Elsa opens a cupboard and pulls out a bag of seed mix, rips it open and tips out a handful. When she eats, some of it spills down her front. She doesn’t bother to brush it off. When she offers me some I’m hit by a wave of nausea that sends me across the room on rubbery legs to vomit in the bin.

“You’ve got yourself in a right old state.” Elsa holds back my hair.

I take a deep breath and wipe my nose.

“Elsa, there’s a baby buried in the garden.”

She goes very still.

“You knew about it, didn’t you?” I sit down.

She pulls a chair alongside mine, its legs scraping on the tiles. She grasps my hands.

“I didn’t want you to know about it yet. I wish that cuckoo-brained Stephanie hadn’t come to the funeral. And Arthur and Megan hadn’t interfered with that damn key. You found the eggs, didn’t you?”

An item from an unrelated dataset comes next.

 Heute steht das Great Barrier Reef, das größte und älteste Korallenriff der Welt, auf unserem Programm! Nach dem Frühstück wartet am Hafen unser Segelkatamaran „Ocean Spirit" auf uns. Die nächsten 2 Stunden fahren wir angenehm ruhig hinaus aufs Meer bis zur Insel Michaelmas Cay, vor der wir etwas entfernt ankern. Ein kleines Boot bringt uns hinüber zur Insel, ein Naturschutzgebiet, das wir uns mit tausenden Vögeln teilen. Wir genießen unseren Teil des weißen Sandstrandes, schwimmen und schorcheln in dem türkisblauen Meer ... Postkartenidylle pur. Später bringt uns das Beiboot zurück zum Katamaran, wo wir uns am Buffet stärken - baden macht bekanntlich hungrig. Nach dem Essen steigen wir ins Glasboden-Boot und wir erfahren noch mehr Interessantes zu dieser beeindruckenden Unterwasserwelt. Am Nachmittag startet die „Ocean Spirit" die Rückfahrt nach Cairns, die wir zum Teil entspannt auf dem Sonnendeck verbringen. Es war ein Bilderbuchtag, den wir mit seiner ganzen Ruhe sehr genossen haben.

I think I’m going to faint so I put my head on the table until it passes. Elsa rubs my back and carries on talking. When I sit up, Elsa’s smiling, her head tilted at an odd angle. A gesture I don’t recognise. “I’m actually relieved. It’s easier that you know now you’re staying.”

“Elsa, I can’t stay here.”

“It’s best for everyone. You’ve others to consider now.”

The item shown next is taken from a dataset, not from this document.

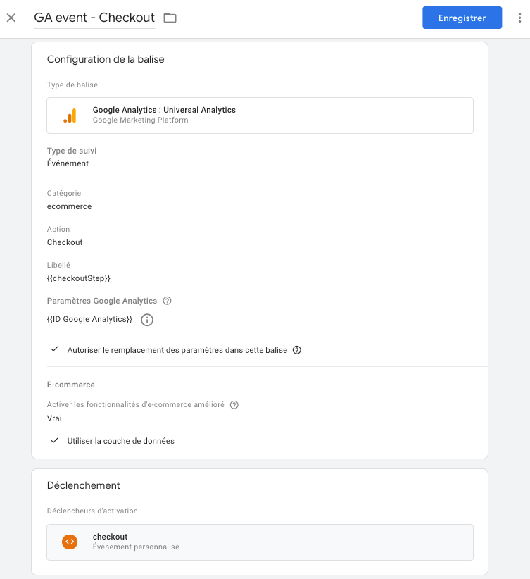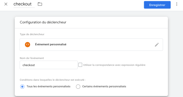 8 - Assign the name checkout to your trigger. Click on Trigger Configuration and select the Custom Event trigger type

I press my fists to my closed eyes. I can’t consider anything. My mind’s full of tiny bones.

“Mum knew that Pippa wasn’t hers, didn’t she?” I’m thinking of the human-bird-baby in its shell.

“Pippa?” Elsa’s eyes are yellow in this light. “No, she knew that it was you that wasn’t hers. She had to watch you like a hawk around Pip.”

I vomit again. Clumps of semi-digested food gets caught in my hair. Elsa dabs at my mouth with a tea towel. Her colours are the jay’s—brown, pink and blue. Was it her, stood at Mum’s back and pecking at her eye?

Pippa stands in the doorway looking from my face to Elsa’s and back again. I’ve never seen Pip’s gaze so direct.

Now I know why my heart’s loveless. Pip’s not the aberration; I am. I’m the daughter of crows, smuggled into the nest. Pippa is how she is because of my failed murder attempt. I affected her development when I tried to foist her from the womb.